Dorothy Rouse Selleck was speaking at the West Yorkshire Playhouse's national conference last week on Arts and the Under Fives, which brought together arts practitioners and early years educators from all over England for the first time.
The picture that emerged was of a dichotomy of approaches, the turning point being the move from infants to juniors. Staff running playgroups, nurseries and nursery classes generally have an understanding of the need to allow children to experience structured and unstructured play as a means of expressing themselves.
In these establishments the arts are acknowledged, as Shadow Heritage Secretary Chris Smith put it: "As a way that children make sense of the world around them and also as a vehicle for language development."
Some local authorities, such as the London boroughs of Southwark and Haringay and Kent County Council, stand out as beacons of good practice. But once the child enters school, the constraints of the national curriculum, coupled with the lack of training most teachers have in the arts, often lead to arts-based activities becoming consigned to formal slots or simply used as time fillers.
Janet Fenton, an early years teacher from Huddersfield, spoke of "teachers with no experience of very young children lacking the patience and the understanding to accept the very different needs and experiences of this age group." Jenny Hannon, a headteacher also from Huddersfield, agreed: "There are people working in this area who don't see the primary curriculum as having any room for the arts because of the three Rs. We have an early years curriculum but it doesn't have the same status as the primary curriculum. Schools aren't going to prioritise the arts in nurseries when nursery education itself isn't statutory. "

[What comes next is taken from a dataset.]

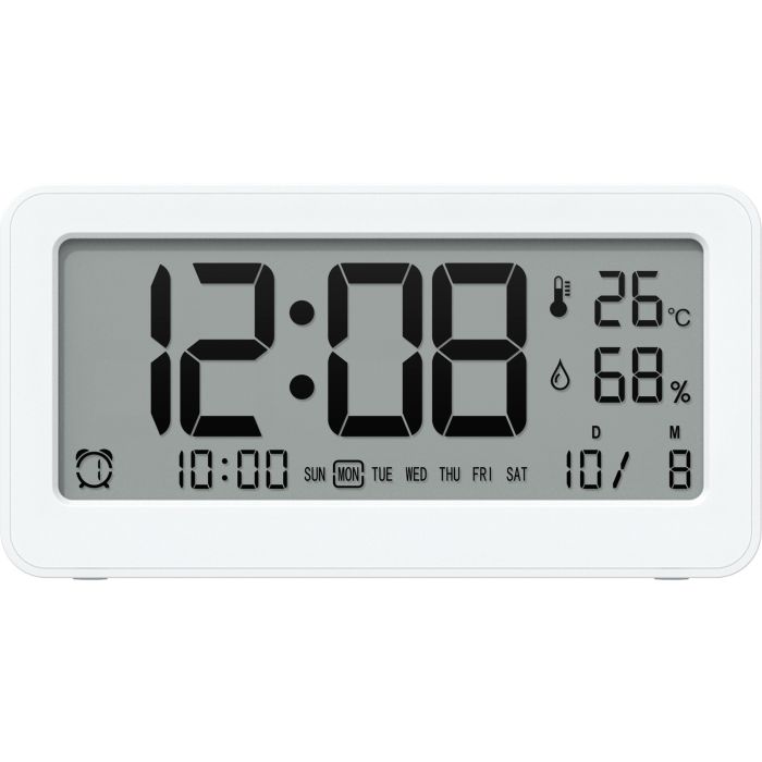 Sveglia al quarzo digitale con luce elettroluminescente bianca a spegnimento ritardato e snooze (ripetizione dopo 5 minuti). Calendario (giorno, mese, e giorno della settimana). Doppio allarme. Rilevazione della temperatura e dell’umidità interne.

And there's the rub. As Sian Ede, Arts Council drama officer, said: "How are we to reconcile an enlightened early years curriculum with the tightly controlled national curriculum?" It needs, she suggested, to be thrashed out politically, which is precisely the context in which it suffers most. "Using the soft language that is typically associated with early years undermines it politically." Not that hard language necessarily sits easily with concepts like messy play, dressing up and banging on percussion instruments.
But there are theories to buttress these practices, research studies, analyses of good practice, and people working, like Dorothy Rouse Selleck and her colleagues at the Early Childhood Unit and Vicky Hurst and others in the Early Childhood Education Research Project, who make a study of early childhood development and speak of the necessity of artistic expression in the under eights.
There are also drama practitioners, artists and musicians who work with young children in nurseries and schools, who learn from the teachers as the teachers learn from them and who are committed to this low status, poorly funded work because they believe in it.
Playwright Adrian Mitchell has said that he learned to stop dancing at the age of five and to stop singing at the age of seven. The fear is that, without funding to train teachers and occasionally buy in outside expertise, children today - despite pockets of enlightened thinking - will be no better off than he was.